See the comp.lang.c.faq, question 1.32. It basically boils down to the fact that declaring the string in array form (char str[] = "foo") is identical to char str[] = {'f','o','o'}, which is identical to char str[] = {102, 111, 111}; that is, it is a normal array on the stack. But when you use a string literal in any other context it becomes "an unnamed, static array of characters, [which] may be stored in read-only memory, and which therefore cannot necessarily be modified." (And trying to modify it results in undefined behavior wherever it happens to be stored, so don't).
This question already has answers here:
Closed 10 years ago.
Possible Duplicate:
Difference between char *str=“STRING” and char str[] = “STRING”?
I wrote the following code:
int main()
{
char *str = "hello";
str[0] = 'H';
printf("%s\n", str);
}
This gives me a segmentation fault, I cant understand why.
str is pointer to char not const char. Even if that's the case shouldn't it give a compile error like the following program:
int main()
{
const char *str = "hello";
str[0] = 'H';
printf("%s\n", str);
}
It gives an error: assignment of read-only location *str.
EDIT
If my code places the pointer to a read only location, shouldn't I get a compilation error?
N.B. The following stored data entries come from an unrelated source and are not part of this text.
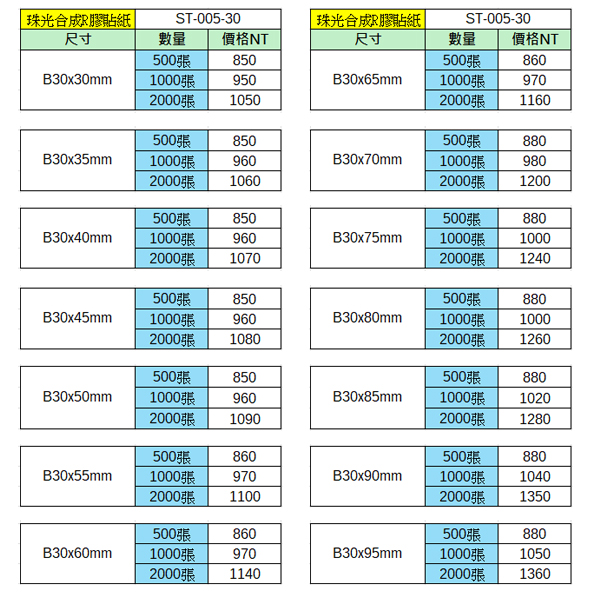 珠光合成R膠貼紙30x30~30x95mm(1000張)
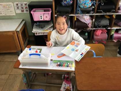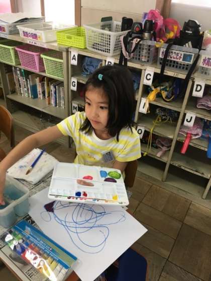 絵具を使って作品作りに挑戦しました。先日は色を混ぜるとどのような色になるのかを確かめましたが、今回は・・・。素敵な色、できたかな?
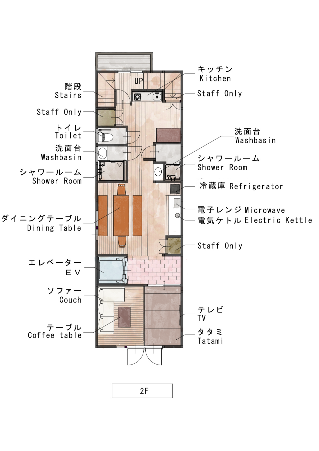 2階ダイニングには、大きなテーブルとベンチを設置。皆で集まって、ゆっくりと腰掛けながらグループの時間を楽しんでいただけます。
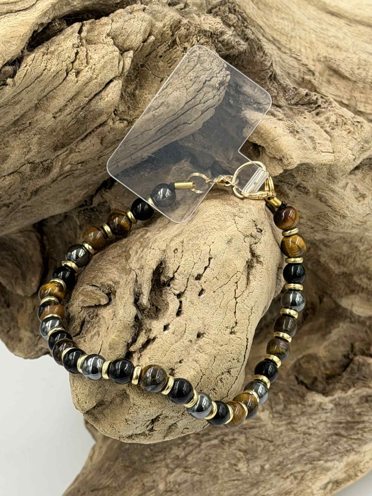 En œil de tigre, onyx et hématite avec déco doré
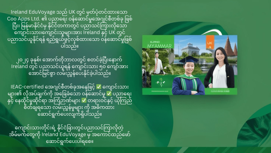 Ireland Edu Voyage is an education support service operated by Coo Apps Ltd., a UK-registered company, dedicated to helping international students—especially from Myanmar—pursues their academic dreams in Ireland and the UK.
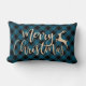 Coussin Rectangle Joyeux Noël d'or Noir et Bleu Plaid
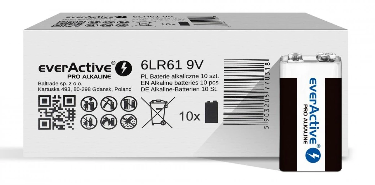 16. Bateria alkaliczna everActive Pro Alkaline 6LR61 9V - 10 sztuk 62.21
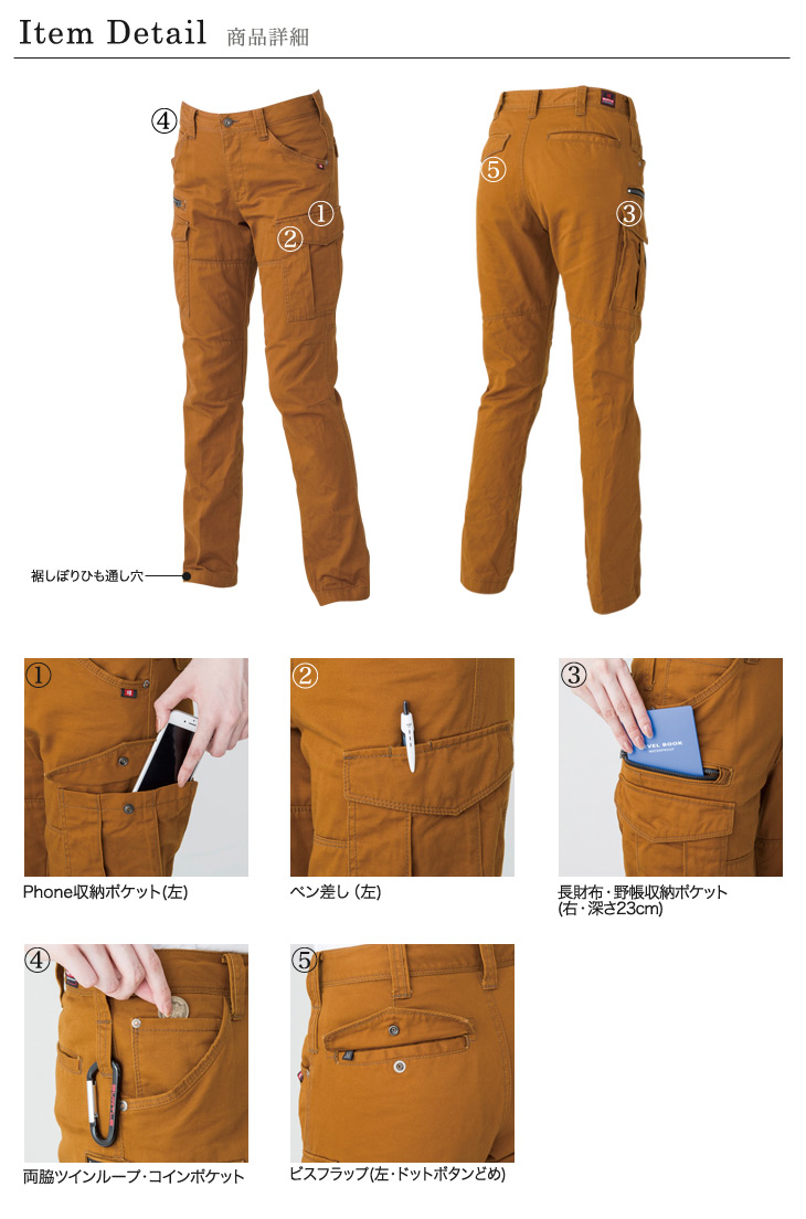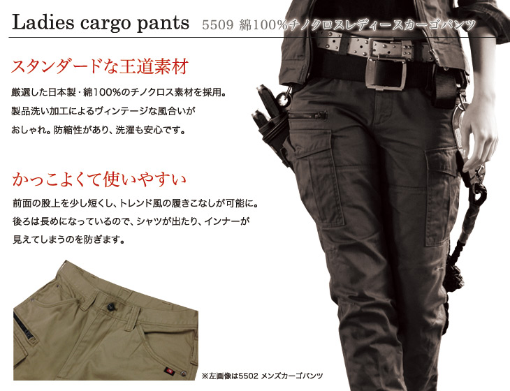バートルの細身シルエットが格好いいローライズタイプの女性用カーゴパンツ。日本製の綿100%素材を使用しているので履きごこちもバツグン!

You assign a pointer to a constant string (which comes as a part of your text and is thus not writable memory).
Fix with char str[] = "hello"; this will create a r/w copy of the constant string on your stack.
What you do is a perfectly valid pointer assignment. What the compiler does not know is that in a standard system constant strings are placed in read-only memory. On embedded (or other weird) systems this may be different.
Depending on your system you could come with an mprotect and change the VM flags on your pointer destination to writable. So the compiler allows for this code, your OS does not though.
When you initialize a char * using a literal string, then you shouldn't try to modify it's contents: the variable is pointing to memory that doesn't belong to you.
You can use:
char str[] = "hello";
str[0] = 'H';
With this code you've declared an array which is initialized with a copy of the literal string's contents, and now you can modify the array.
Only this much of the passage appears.